Managing threaded calculation

The heart of this project is to implement parallel evaluation of formula expressions, which has been my number 1 goal from the get-go. This is also the reason why I put my focus on designing the threaded calculation engine as my initial goal before I start putting my focus into other areas. Programming with threads was also very new to me, so I took extra care to ensure that I understand what I’m doing, and I’m designing it correctly. Also, designing a framework that uses multiple threads can easily get out-of-hand and out-of-control when it’s overdone. So, I made an extra effort to limit the area where multiple threads are used while keeping the rest of the code single-threaded, in order to keep the code simple and maintainable.

As I soon realized, even knowing the basics of programming with threads, you are not immune to falling into many pitfalls that may arise during the actual designing and debugging of concurrent code. You have to go extra miles ensuring that access to thread-global data are synchronized, and that one thread waits for another thread in case threads must be executed in certain order. These things may sound like common sense and probably are in every thread programming text book, but in reality they are very easy to overlook, especially to those who have not had substantial exposure to concurrency before. Parallelism seemed that un-orthodox to conventional minds like myself. Having said all that, once you go through enough pain dealing with concurrency, it does become less painful after a while.

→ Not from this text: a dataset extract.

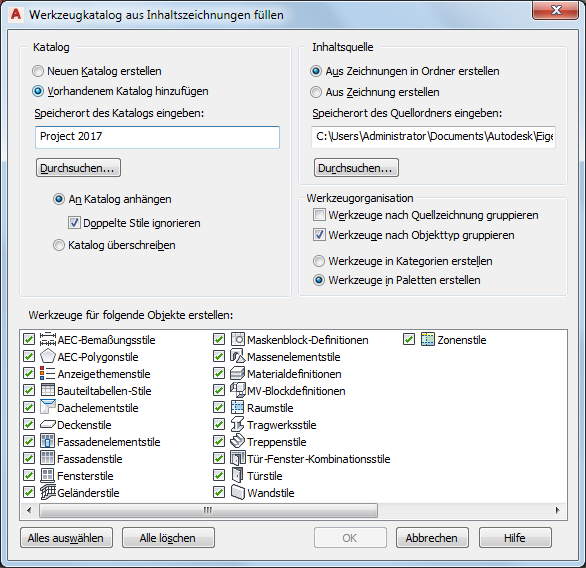 Dadurch wird der gesamte Katalog gelöscht und durch die Paletten, Kategorien und Werkzeuge aus den Quellzeichnungen ersetzt.
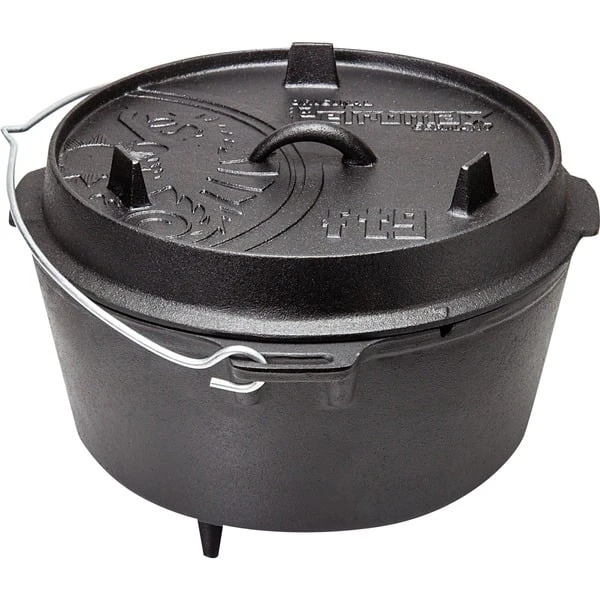 Der Feuertopf ft9 von Petromax eignet sich für 8 – 14 Personen. Die Petromax Feuertöpfe, auch als Dutch Oven bezeichnet, sind ideale Begleiter für Draußen-Aktivitäten wie Reisen, Camping, etc. Mit ihnen garen Speisen, wie z.B. Fleisch und Gemüse, sehr schonend im eigenen Saft über offenem Feuer oder im heimischen Backofen. Der einzigartige Geschmack entsteht durch die konstante Rundumwärme im Topf. Die Deckel der Feuertöpfe können zudem auf Wunsch als Servierplatte oder Pfanne genutzt werden. Dank der vorbehandelten Oberfläche (seasoned finished) ist der robuste Petromax Feuertopf aus Gusseisen sofort verwendbar. Mit den Petromax Feuertöpfen kann man draußen leckeres und gesundes Essen für Familie und Freunde zubereiten.Art.-Nr.: 1532709

Your mind can simply adjust to “thinking in parallel”.

Back to the topic. I’ve picked the following pattern to manage threaded calculation.

First, the main thread creates a new thread whose job is to manage cell queues, that is, receiving queues from the main thread and assigning them to idle threads to perform calculation. It is also responsible for keeping track of which threads are idle and ready to take on a cell assignment. Let’s call this thread a queue manager thread. When the queue manager thread is created, it spawns a specified number of child threads, and waits until they are all ready. These child threads are the ones that perform cell calculation, and we call them calc threads.

Each calc thread registers itself as an idle thread upon creation, then sleeps until the queue manager thread assigns it a cell to calculate and signals it to wake up. Once awake, it calculates the cell, registers itself as an idle thread once again and goes back to sleep. This cycle continues until the queue manager thread sends a termination request to it, after which it breaks out of the cycle and reaches the end of its execution path to terminate.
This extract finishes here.